Search code examples
pythoncsvpysparkexport-to-csvmime

PySpark - Send Email with CSV attached, entire CSV showing up on one line


I have a script that generates a DataFrame. I convert the DF to a CSV, then send it as an email attachment. The problem is the header + data is all in the first row, so the resulting CSV has 60k columns and 1 row.
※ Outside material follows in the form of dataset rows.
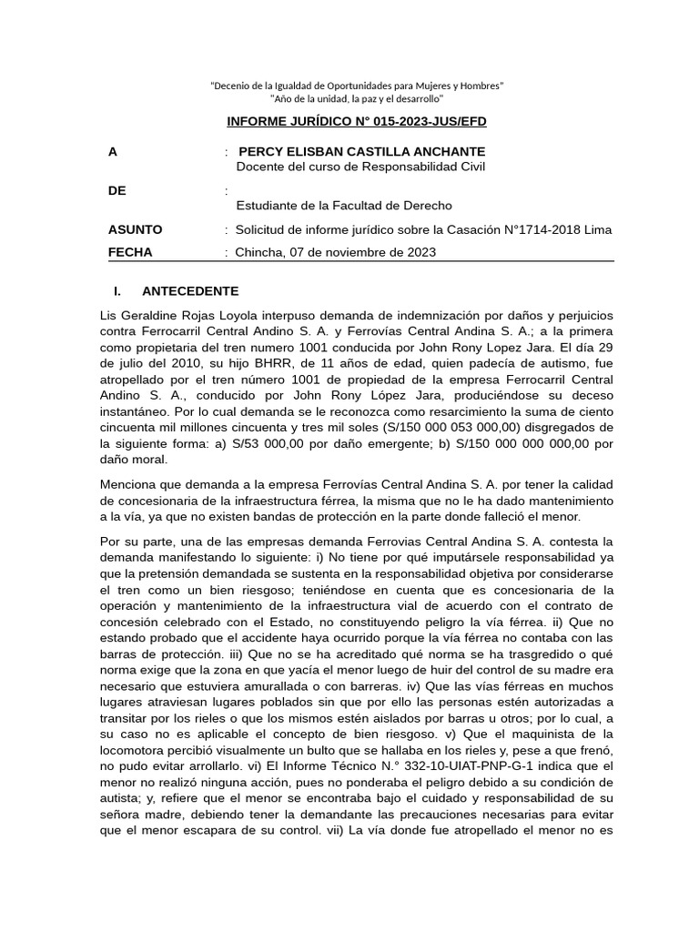 ASUNTO : Solicitud de informe jurídico sobre la Casación N°1714-2018 Lima
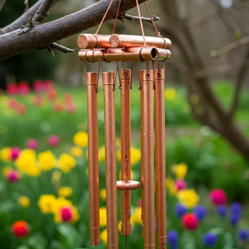 Harness spring breezes with handcrafted wind chimes that combine industrial materials with musical sensitivity. Cut varying lengths of copper pipe using a pipe cutter, then clean and polish each piece to enhance its natural luster. The musical magic happens through careful measurement—each pipe length creates specific tones when struck, allowing you to design harmonious sound combinations. Have you ever noticed how certain sounds seem to perfectly capture a season's essence? For spring-specific melodies, I prefer arrangements in higher registers that mimic birdsong patterns. String pipes using durable monofilament through drilled holes, suspending them from a central wooden or copper ring decorated with spring embellishments like ceramic beads or sea glass. These sophisticated sound sculptures bring kinetic movement to garden spaces while creating authentic music from spring's variable winds—functional art that engages multiple senses while developing a natural patina that records the passing seasons.
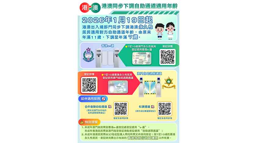 【特訊】為貫徹落實《粵港澳大灣區發展規劃綱要》,積極參與大灣區建設,治安警察局、身份證明局、澳門保安部隊事務局與香港入境事務處持續聯手優化港澳通關便利措施。上述部門共同決定,自2026年1月19日起,港澳兩地永久性居民使用對方自助過關通道(即香港的e-道及澳門的傳統兩門式自助通道),適用年齡由原來的年滿11歲,下調至年滿7歲;另外,兩地年滿18歲的合資格非永久性居民可使用本地自助服務機進行預先登記,成功登記後約3小時即可使用對方自助過關通道(香港的e-道及澳門的傳統兩門式自助通道)入出境。

What is wrong?

Here is my code:

df.toPandas().to_csv("/dbfs/<path>/df.csv", mode='w+', encoding='utf-8')
server = smtplib.SMTP('smtp.gmail.com:587')
server.ehlo()
server.starttls()
server.login("<email>", "<password>")

sender = "<email>"
recipient = "<email>"
msg = MIMEMultipart()
msg['Subject'] = 'I need help'
msg['From'] = sender
msg['To'] = recipient

filedata = sc.textFile("/dbfs/<path>/df.csv", use_unicode=False)
msg.attach(MIMEText('This is your test message with attachment...'))
part = MIMEApplication("".join(filedata.collect()), Name="df.csv")
part['Content-Disposition'] = 'attachment; filename="%s"' % 'df.csv'
msg.attach(part)
server.sendmail(sender, [recipient], msg.as_string())
server.close()

Solution

  • Just replace

    "".join(filedata.collect()
    

    with

    "\n".join(filedata.collect())
    

    or

    sc.wholeTextFiles("/dbfs/<path>/df.csv").values().first()
    

    or even better writing - reading routine completly:

    MIMEApplication(df.toPandas().to_csv(), Name="df.csv")